NEW YORK — Revlon Inc.’s turnaround efforts claimed a small victory Thursday as first-quarter sales increased despite its 18th consecutive quarterly loss.

The bottom-line deficit widened slightly in the quarter to $48.7 million, or 93 cents a share, from $46.1 million, or 88 cents, a year ago. Revlon incurred expenses of about $11 million in the quarter related to its turnaround and growth efforts, exclusive of brand support, training and development costs.

Investors traded down shares of the firm 13 cents, or 4.4 percent, to close at $2.83 on the New York Stock Exchange Thursday.

So far, the firm has recognized charges of $115 million for its revitalization program, which could tally an eventual price tag of $160 million.

Reflecting increased brand support, net sales were up 6 percent to $292 million from $275.4 million a year ago. Revlon pointed to the increase, the first rise in net sales for several years, as a leading indicator.

"We’re continuing to execute the plan, which is very much focused on consumers, our retail partners and the organization, and we’re beginning to pull the levers on all three of these elements," said president and chief executive Jack Stahl in a telephone interview.

In addition to the improved sales, Stahl said Revlon and Almay, the firm’s two main brands, were gaining market share momentum. Revlon’s share has risen for seven straight months, while Almay’s has been on the upswing for four.

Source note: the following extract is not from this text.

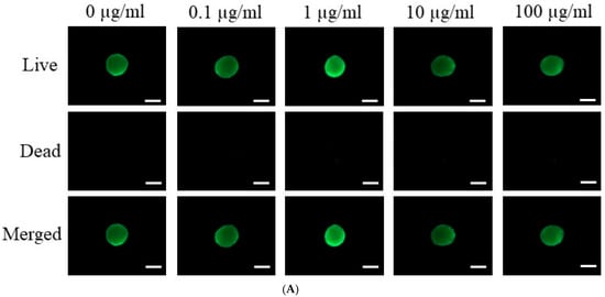 Figure 2A presents the results of a qualitative live/dead assay for stem cell spheroids grown in osteogenic media and treated with various concentrations of tacrolimus (0, 0.1, 1, 10, and 100 μg/mL). The assay, conducted on Day 7, employed a dual-fluorometric evaluation that differentiates live cells, which exhibit esterase activity and intact plasma membranes, from dead cells, which have compromised membrane integrity. In the live panel, spheroids across all concentrations emitted green fluorescence, suggesting robust esterase activity and intact cell membranes. The dead panel showed minimal to no red fluorescence, indicating few compromised cells across all treatment groups. The merged images corroborate these observations, with a predominance of green fluorescence and negligible red signal, implying high cell viability even at the highest concentration of tacrolimus. These results suggest that tacrolimus, up to a concentration of 100 μg/mL, does not significantly compromise the viability of stem cells within spheroids in osteogenic media after 7 days of treatment.

The company’s overall market share in color cosmetics picked up 80 basis points from a year ago to 23.2 percent in the quarter, according to ACNielsen.

First-quarter share for the Revlon brand registered a 110 basis-point gain to capture 17.2 percent of the market. Almay’s share grew 20 basis points to 5.9 percent of the market versus a year ago.

In recent weeks, Revlon’s brought to life its "360-degree brand experience," including the launch of new TV and print advertising for the Revlon and Almay brands.

"This advertising leverages our brand strength consistently across all forms of our communication, including in-store graphics, which are beginning to flow out into the marketplace," noted Stahl on a conference call.Revlon began ramping up support of its brands in the second half of last year. During the quarter, selling, general and administrative expenses of $184.2 million represented a 260 basis-point rise against a year ago, as a percent of sales.

North American sales grew 4.6 percent in the quarter to $205 million from $196 million a year ago, driven by color cosmetics gains and, to a lesser extent, hair color. Offsetting the advance were lower sales from implements and antiperspirants/deodorants.

International sales rose 10.1 percent to $87 million from $79 million a year ago. Exclusive of the favorable impact of foreign currency translation, Revlon’s sales abroad expanded by 5 percent.

"Our international business is beginning to strengthen in some key markets and that’s evidenced by our sales performance, which was particularly strong in the U.K., South Africa and several markets in the Far East," said Stahl on the call. "We have stepped up our marketing effort in these important markets and we’re beginning to see some responsiveness to our programs."

Revlon is in the second, or stabilization and growth, phase of a planned three-part turnaround. This is the investment-heavy portion of the attempted about-face, which includes ramp-ups in advertising and promotion to support the firm’s brands and entice market share gains.

The cost rationalization phase of the plan, which included plant closures, was largely completed before Stahl took over the helm in February 2002. During the third phase, the firm hopes to enter into a mode of accelerated growth, although its timing remains uncertain.

Revlon still needs to contend with its significant debt load, the long-term portion of which tipped the scales at $1.76 billion at the end of the quarter.

So far, the firm has enjoyed financial backing from its primary shareholder, Ronald Perelman, through his wholly owned MacAndrews & Forbes Holdings. As reported, Revlon inked an investment agreement with MacAndrews in February, which included a $100 million term loan, a $50 million rights offering and a $40 million line of credit that increases to $65 million in 2004.